Home loan submission data from Mortgage Choice shows borrowers are continuing to opt for variable home loans for now.
In August, just 3% of loans had a fixed component, a trend Mr Waldron confirmed is continuing so far into this month.
Where to now for inflation?
In its statement on monetary policy released alongside today's decision, the RBA confirmed its forecasts do not see inflation "returning sustainably to target" until 2026.
The central bank also confirmed households were not spending and noted the "ongoing effect of restrictive financial conditions continue to weigh on consumption, particularly discretionary consumption".
"However, growth in aggregate consumer demand, which includes spending by temporary residents such as students and tourists, remained more resilient."
The RBA said its policy is "currently restrictive and working broadly as anticipated" but acknowledged uncertainties.
"The central projection is for household consumption growth to pick up in the second half of the year as the headwinds to income growth recede – but there is a risk that this pickup is slower than expected, resulting in continued subdued output growth and a sharper deterioration in the labour market.
"More broadly, there are uncertainties regarding the lags in the effects of monetary policy and how firms’ pricing decisions and wages will respond to the slower growth in the economy at a time of excess demand, and while conditions in the labour market remain tight."
Inflation figures tomorrow will likely paint a more promising picture that in recent months however, with wide-spread speculation among economists that the Consumer Price Index will drop from its current level of 3.8%.
Treasurer Jim Chalmers is expecting to see positive data on inflationary trends from the Australian Bureau of Statistics tomorrow. Picture: Getty
Deloitte Access Economics partner Stephen Smith said the current economic dynamic "won't last forever".
"Inflation remains on its way down, albeit in an uneven way, with much of the inflationary pressures in the economy occuring on the supply side," he said.

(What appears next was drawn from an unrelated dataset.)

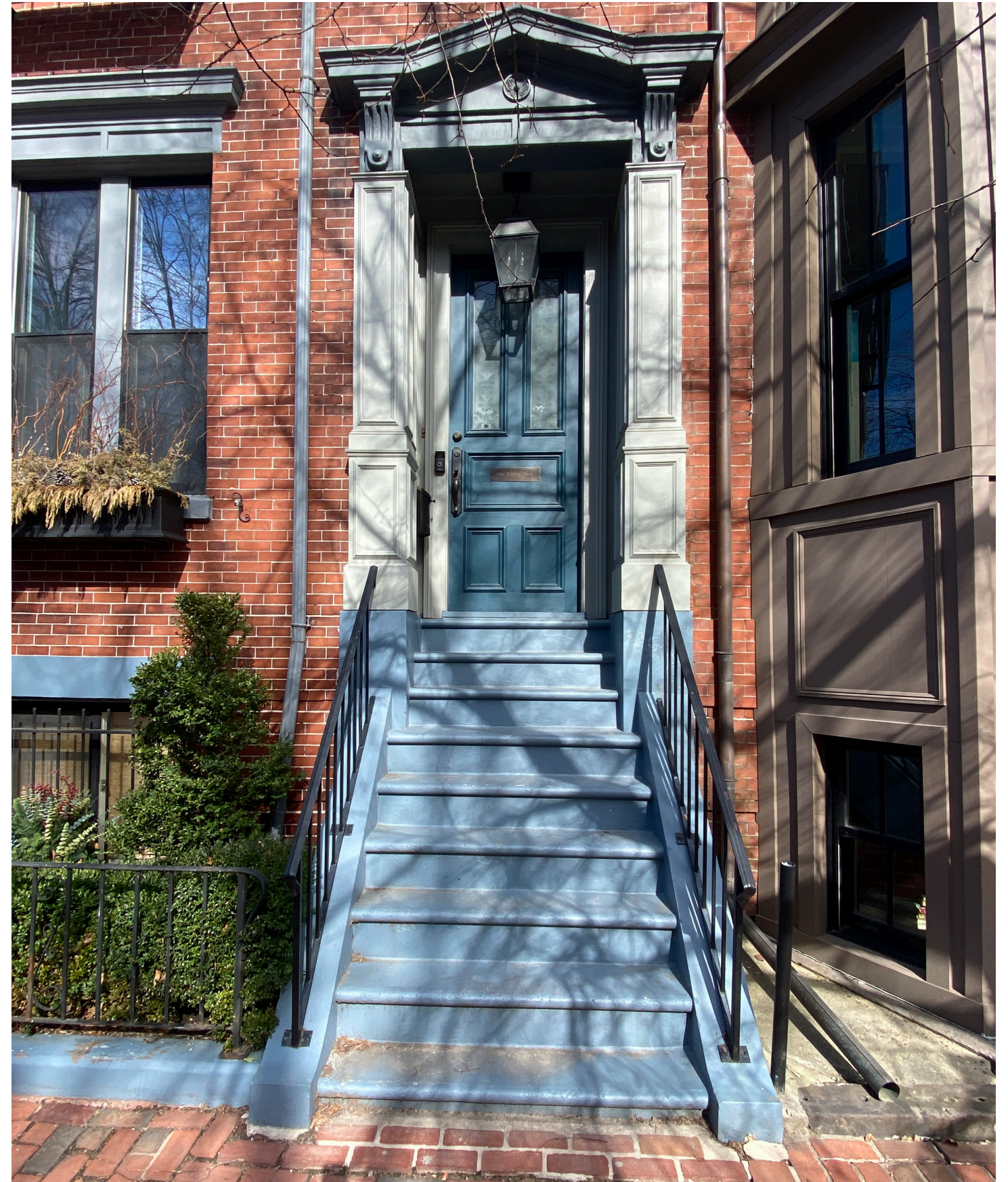
Existing Front Stairs Railing

Speaking on Sky News this week, Mr Chalmers optimistically said he expects tomorrow’s figures to be “welcome progress towards lower inflation”.
“Whether it’s in the low threes or in the high twos, what it will show is that inflation in monthly terms is around half what we inherited a couple of years ago when we came to office, so that would be welcome and encouraging progress.
“What we’ve seen over a period of time now is inflation has come off quite substantially.”
Breaking under 3% this week will further fuel the likelihood of a November rate cut, providing some much-needed relief to Aussie homeowners in time for Christmas.